MOFs: function in beauty

Alessia Bacchi

Decorative representation of the crystal structure of MOF UiO-66 (CSD refcode: RUBTAK03).

Humans have an innate sense for building structures to modify their natural environment: from simple shelters made of wood, stones or ice-blocks to royal palaces, the Great Wall, cathedrals, and skyscrapers, architecture has shaped our world. At the end of the 20th century, a new form of architecture was unveiled by the three 2025 Chemistry Nobel Prize laureates: using metal ions, molecules and bonds as bricks, steel, and concrete, Susumu Kitagawa at Kyoto University in Japan, Richard Robson at the University of Melbourne in Australia, and Omar Yaghi at the University of California, Berkeley in the US, opened the road to the imagination and creation of a new nano-world populated by wonderful architectures targeted by design.
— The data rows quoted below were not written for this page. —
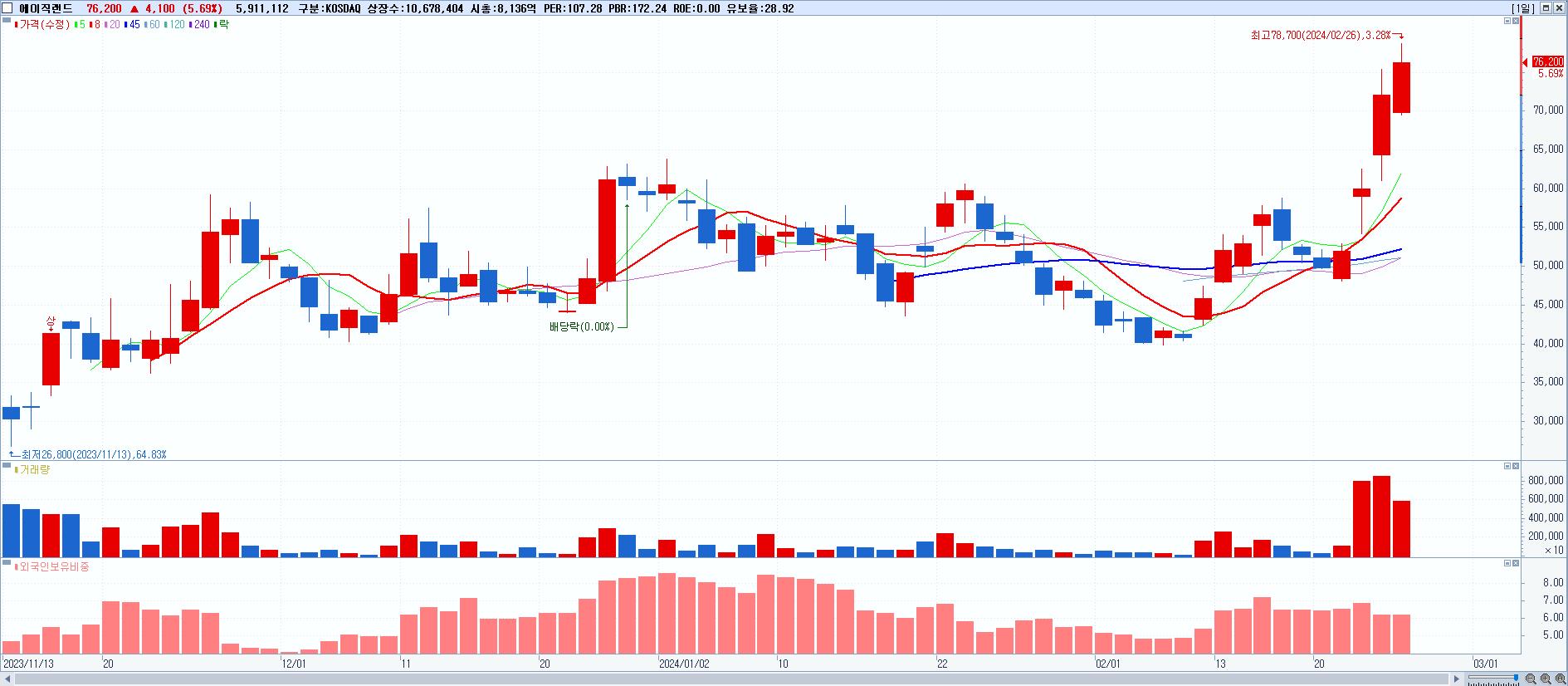 - 에이직랜드 (76,200원 ▲ 5.69% , 시총: 8,137억, 거래량: 5,947,773, 거래대금:4,407억, KOSDAQ)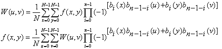 Walshova transformace funkce f(x) pro N=2n je definovaná vztahem: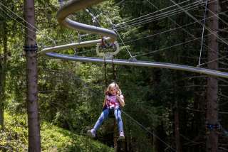 Die Fly-Line ist ein Edelstahlrohrsystem aufgehängt an Holzmanschetten an Bäumen im Wald, an welchem du in einem Gurtsystem sitzend an Rollen mit 8 bis 12 km/h durch den einzigartigen Lebensraum schwebst. Ziel ist es, die Umgebung zu geniessen, abzutauchen in die Welt des Waldes und entschleunigt wieder am Start anzukommen.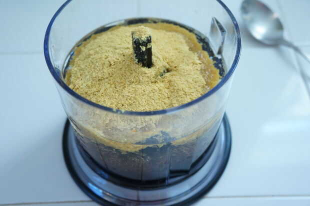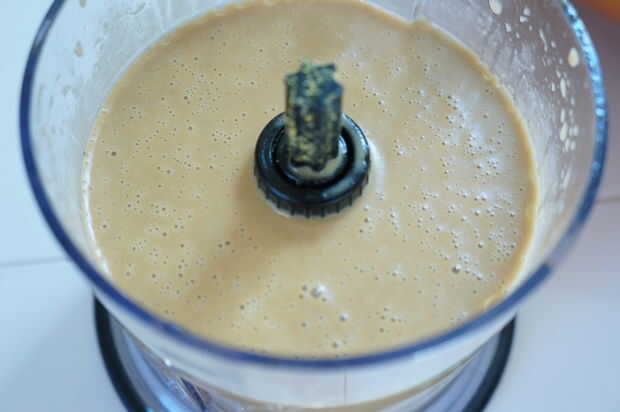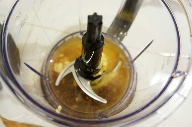 Añadir el aceite, agua, vinagre, salsa de soja, ajo, levadura nutricional y sal en el procesador de alimentos y mezcla hasta que esté cremosa con sin grumos.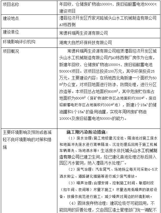 日前,湖南澧縣對年回收、倉儲廢礦物油10000t、廢舊鉛酸蓄電池50000t建設項目環(huán)境影響報告表進行擬審批公示,詳情如下:年回收、倉儲廢礦物油10000t、廢舊鉛酸蓄電池50000t建設項目環(huán)境影響報告表擬審批公示經(jīng)審議,我局擬于近日內批準《年回收、倉儲廢礦物油10000t、廢舊鉛酸蓄電池5000...

Crystallographers have a special sense for beauty and patterns, and metal-organic frameworks (MOFs) are a supreme playground to play with motifs, symmetry, and topology, to build a mental representation of what we will never be able to actually see. One of the most pervasive contributions of crystallography to popular scientific imagery and to the modeling of the chemical world in the 20th century has been, in fact, the possibility to visualize molecules through 3D representation, which have immediately become the molecules themselves. Protein crystallography has populated science with ribbons and sheets of stunning beauty, and the first models of haemoglobin and myoglobin, forests of rods made of wood and iron wire, can be considered artwork for explaining nature. Now we have human-made MOFs, which can be rationally designed like a construction toy, and their pictorial representation often competes with the most beautiful patterns created by Islamic art or by the genius of M. C. Escher. The discovery of MOFs' beauty has triggered the flourishment of methods for topological description, the need for the investigation of real defects in the platonic perfect framework, the use of the patterned structure to act as a sponge to reveal the substructure of the pore contents, and a world of ideas to exploit the cavities for storage, delivery, as nano-flasks for catalysis, and to optimize the synthesis by understanding how all the components can assemble in such predictable exact constructions.

What is particularly rewarding for all us crystallographers in the motivation of the Nobel Prize committee, and in the narrative of the decades that brought R. Robson, S. Kitagawa and O. Yaghi to the highest scientific recognition, is that the first idea of assembling metals and ligands in a preorganized way came to Robson while using structural models to teach chemistry, and that the idea was developed by Kitagawa to seek structural stability again by seeing MOF crystals as robust buildings with pores, and that the isoreticularity concept developed by Yaghi still strongly visually resembles the bottom-up design of a castle.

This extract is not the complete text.